Cybersecurity is crucial in safeguarding the integrity, confidentiality, and availability of research data. The stakes are particularly high in research administration due to the sensitive nature of the data involved. The repercussions of a breach can be far-reaching, impacting not only the organization but also its research subjects and the broader community.
As digital tools become more sophisticated, cybersecurity in research administration becomes increasingly paramount. John Nord, CIO of Cayuse, presented on cybersecurity during our Connect 2023 Conference to discuss the importance and the complexities of protecting sensitive data. In his presentation, John spoke about cyber attacks by sector, cyber insurance, the threat landscape, and best practices for safeguarding our organizations.
Cyber attacks by sector
Reports from security firms like Check Point show a 30% annual increase in cyber attacks in healthcare, with the education and research sectors also witnessing a substantial upsurge. In fact, research and education currently have the highest global average of weekly cyber attacks by industry, underlining the urgency for robust security measures in research institutions.
Cayuse carries cyber insurance to safeguard against such threats, though providers in the space are dwindling. Every July, we engage in robust penetration testing to ensure our adherence to industry best practices like finding and patching vulnerabilities, multi-factor authentication, and anti-malware protection.
Looking at cyber insurance payouts when claims are made is instructive, so we follow trends closely. Business email compromise recently appeared near the top of that list, which is hardly surprising when you consider the volume of emails we all receive every day. Other leaders include funds transfer fraud and ransomware, though the latter is starting to trend down. As ransomware has become more prevalent, we have more tools at our disposal to detect it.
Out-of-date software is often the culprit for security gaps, which is why we always recommend updating to the latest version of Cayuse’s software suite to capture the advantage of the latest security improvements.
Questions to ask your software vendors
Cyber insurance is a valuable asset, but it’s not the be-all and end-all of cybersecurity. Here are a few other questions to ask your software vendors to gauge their dedication to data security:
- What are your risk mitigation protocols?
- Are you certified to any security standards (i.e., ISO 27001)?
- Do you adhere to GDPR data handling guidelines?
Conduct annual assessments to ensure that vendors stay up to date with their certifications and make regular policy updates.
Cyber threat trends: Cybercrime-as-a-service
You’ve heard of SaaS (software-as-a-service), but have you heard of cybercrime-as-a-service? An entire marketplace has developed, with “as-a-service” offerings that run the gamut:
- Malware
- Phishing
- Crypting
- Access
- OPSEC
- Scamming
- Vishing (voice phishing)
- Spamming
- Etc.
This trend has lowered the barrier to entry for attackers, making it easier for non-technical criminals to launch sophisticated cyber attacks, increasing the overall risk and complexity of the threat landscape.
Vishing attacks, or phone calls, are one of the most insidious threats to research institutions.
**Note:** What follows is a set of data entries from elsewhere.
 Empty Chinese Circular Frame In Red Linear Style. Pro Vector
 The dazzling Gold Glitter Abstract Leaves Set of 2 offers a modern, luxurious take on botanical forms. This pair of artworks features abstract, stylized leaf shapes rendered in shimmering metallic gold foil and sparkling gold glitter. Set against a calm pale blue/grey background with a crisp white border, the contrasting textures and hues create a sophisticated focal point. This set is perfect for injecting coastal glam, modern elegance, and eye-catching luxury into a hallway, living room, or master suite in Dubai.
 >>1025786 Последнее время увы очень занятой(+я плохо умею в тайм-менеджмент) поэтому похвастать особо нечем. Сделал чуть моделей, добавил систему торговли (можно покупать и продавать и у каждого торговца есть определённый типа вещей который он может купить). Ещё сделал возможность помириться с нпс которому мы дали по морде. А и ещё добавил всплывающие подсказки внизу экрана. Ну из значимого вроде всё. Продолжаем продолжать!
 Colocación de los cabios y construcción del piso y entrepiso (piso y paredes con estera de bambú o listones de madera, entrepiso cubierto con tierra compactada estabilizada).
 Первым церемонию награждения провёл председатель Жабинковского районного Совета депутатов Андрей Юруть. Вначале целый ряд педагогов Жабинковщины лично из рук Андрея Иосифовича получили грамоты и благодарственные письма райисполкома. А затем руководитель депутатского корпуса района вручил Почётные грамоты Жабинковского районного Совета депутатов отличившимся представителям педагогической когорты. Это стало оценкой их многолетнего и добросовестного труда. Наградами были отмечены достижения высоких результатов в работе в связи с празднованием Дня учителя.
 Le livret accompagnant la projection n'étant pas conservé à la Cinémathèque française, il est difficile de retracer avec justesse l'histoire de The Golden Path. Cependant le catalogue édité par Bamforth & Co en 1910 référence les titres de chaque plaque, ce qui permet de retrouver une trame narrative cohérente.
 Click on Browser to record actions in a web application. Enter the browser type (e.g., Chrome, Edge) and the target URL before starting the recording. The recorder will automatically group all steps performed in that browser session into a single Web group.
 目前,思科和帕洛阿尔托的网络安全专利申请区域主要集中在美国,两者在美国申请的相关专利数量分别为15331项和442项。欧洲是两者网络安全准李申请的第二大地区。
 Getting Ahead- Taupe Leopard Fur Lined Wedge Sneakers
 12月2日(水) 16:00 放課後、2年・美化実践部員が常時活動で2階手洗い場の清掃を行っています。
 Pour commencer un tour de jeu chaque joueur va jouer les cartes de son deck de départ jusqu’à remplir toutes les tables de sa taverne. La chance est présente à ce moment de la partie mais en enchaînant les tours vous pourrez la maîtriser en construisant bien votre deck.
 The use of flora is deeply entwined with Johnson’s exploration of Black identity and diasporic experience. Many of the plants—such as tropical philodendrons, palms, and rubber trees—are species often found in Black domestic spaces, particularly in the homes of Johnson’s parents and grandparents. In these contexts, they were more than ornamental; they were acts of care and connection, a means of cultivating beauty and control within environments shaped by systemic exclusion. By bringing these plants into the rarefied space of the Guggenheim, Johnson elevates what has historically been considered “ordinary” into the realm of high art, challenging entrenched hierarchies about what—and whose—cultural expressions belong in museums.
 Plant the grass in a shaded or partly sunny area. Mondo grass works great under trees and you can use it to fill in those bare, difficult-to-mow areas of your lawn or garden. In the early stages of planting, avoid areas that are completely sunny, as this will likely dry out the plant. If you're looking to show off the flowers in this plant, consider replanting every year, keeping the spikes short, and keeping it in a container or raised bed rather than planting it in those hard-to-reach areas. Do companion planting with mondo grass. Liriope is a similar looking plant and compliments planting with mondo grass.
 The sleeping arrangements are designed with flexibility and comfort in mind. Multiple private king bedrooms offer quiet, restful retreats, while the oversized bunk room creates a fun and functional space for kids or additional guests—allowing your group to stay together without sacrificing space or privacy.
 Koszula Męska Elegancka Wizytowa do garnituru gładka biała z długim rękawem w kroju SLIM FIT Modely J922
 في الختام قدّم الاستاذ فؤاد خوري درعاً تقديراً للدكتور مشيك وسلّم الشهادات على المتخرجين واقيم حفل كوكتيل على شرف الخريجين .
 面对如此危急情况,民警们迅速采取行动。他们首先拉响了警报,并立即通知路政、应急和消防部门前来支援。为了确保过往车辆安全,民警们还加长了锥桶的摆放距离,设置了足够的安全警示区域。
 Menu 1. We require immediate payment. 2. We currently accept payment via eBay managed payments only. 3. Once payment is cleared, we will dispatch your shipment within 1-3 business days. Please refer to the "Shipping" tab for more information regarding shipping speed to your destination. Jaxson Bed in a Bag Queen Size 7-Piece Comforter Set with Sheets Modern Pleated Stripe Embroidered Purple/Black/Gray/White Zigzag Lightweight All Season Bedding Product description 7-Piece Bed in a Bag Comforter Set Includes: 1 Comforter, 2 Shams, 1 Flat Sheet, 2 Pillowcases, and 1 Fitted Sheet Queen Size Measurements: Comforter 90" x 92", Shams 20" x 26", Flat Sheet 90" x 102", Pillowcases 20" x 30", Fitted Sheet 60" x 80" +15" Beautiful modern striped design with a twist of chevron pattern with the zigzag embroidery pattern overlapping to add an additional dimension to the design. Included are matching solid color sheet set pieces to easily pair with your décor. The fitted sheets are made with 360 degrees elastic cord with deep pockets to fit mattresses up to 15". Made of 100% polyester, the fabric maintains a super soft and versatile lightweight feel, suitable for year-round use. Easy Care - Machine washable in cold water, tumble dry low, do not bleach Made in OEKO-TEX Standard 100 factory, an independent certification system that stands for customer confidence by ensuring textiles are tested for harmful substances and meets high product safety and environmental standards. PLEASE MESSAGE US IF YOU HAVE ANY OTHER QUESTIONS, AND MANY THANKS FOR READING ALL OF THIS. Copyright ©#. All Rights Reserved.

While spam emails can be easy to identify, these calls often sound professional and can be a sign that your organization is being singled out and intentionally targeted. If you receive vishing calls, make sure your IT and security teams are aware.
Cayuse’s three-pronged approach to cybersecurity
As James Scott has said, “There’s no silver bullet with cybersecurity. A layered defense is the only option.” The goal is to make your system less appealing to attackers by increasing the level of effort required to breach it by using multiple defensive layers.
At Cayuse, we think of cybersecurity in three key parts:
- Prevent: Implementing robust measures to prevent attacks from occurring.
- Isolate: Containing the impact of an attack to prevent widespread damage across the network.
- Recover: Having effective disaster recovery and business continuity plans to restore operations quickly after an incident.
For more details on our layered approach to cybersecurity, feel free to visit our Trust Portal.
Conclusion
For research administrators, cybersecurity is not a fixed objective but an ongoing journey of adaptation and proactive defense against changing technologies. By understanding the latest trends in cybercrime and adopting a layered defense strategy, research organizations can better protect their valuable data and maintain trust. Regular internal and external reassessments and comprehensive risk management practices further solidify this approach to data protection, ensuring a resilient and secure research environment.